Techniques of Meditation
- Sit comfortably. We suggest that you sit on the floor in lotus pose, but if you are in an office or waiting for the nurse at Health Services, you can meditate in your normal position in the chair.
- Try to warm up by breathing deeply.
- Close you eyes and concentrate. For beginners, the best way to concentrate is to focus on your breathing pattern. Or you can concentrate on one object such as the blue sky, a beautiful meadow by a river, etc. The other method is to think ‘om’ and its symbol while you meditate.
- We recommend that you meditate at least five minutes. If you have time, you can meditate from 15-30 minutes or more.
Meditation and “Om”
In our class, we generally meditate by chanting “om” in unison while sitting in the lotus pose on the floor. Chanting “om” is very helpful in concentration because you will focus on generating these vibrations and other thoughts do not wander in your mind. It is also easier to tune in to your breathing pattern because you inhale before you start pronouncing “a” and slowly exhale in the process of speaking.

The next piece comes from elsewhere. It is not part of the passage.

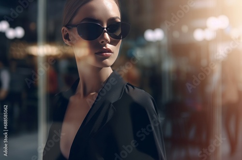 Woman in fashion luxury shop. Elegant fashionable lady in designer clothing collection store. Generate ai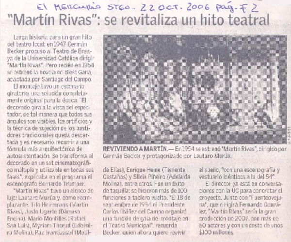 Comedia "Martín Rivas" debutará el 14 en Viña. [artículo]

By the time you reach the end of “om”, your lungs will have exhaled most of the air. And, by saying “om”, you will benefit tremendously from the vibrations and the workings of the larynx and the air passage.
We have already talked about “om” in this website. If you haven’t read the introduction to ‘om’, please visit the following link.
Om: The Significance of a Sacred Syllable.
At home, you can meditate with your friends, siblings and family or alone. Find a quiet place where no one disturbs you during your meditation. Then, warm up by breathing in and out deeply. Start saying ‘om’ slowly in repetitions for about 5-15 minutes. At the end, when you open your eyes and walk outside, you will see the world in a new refreshing light.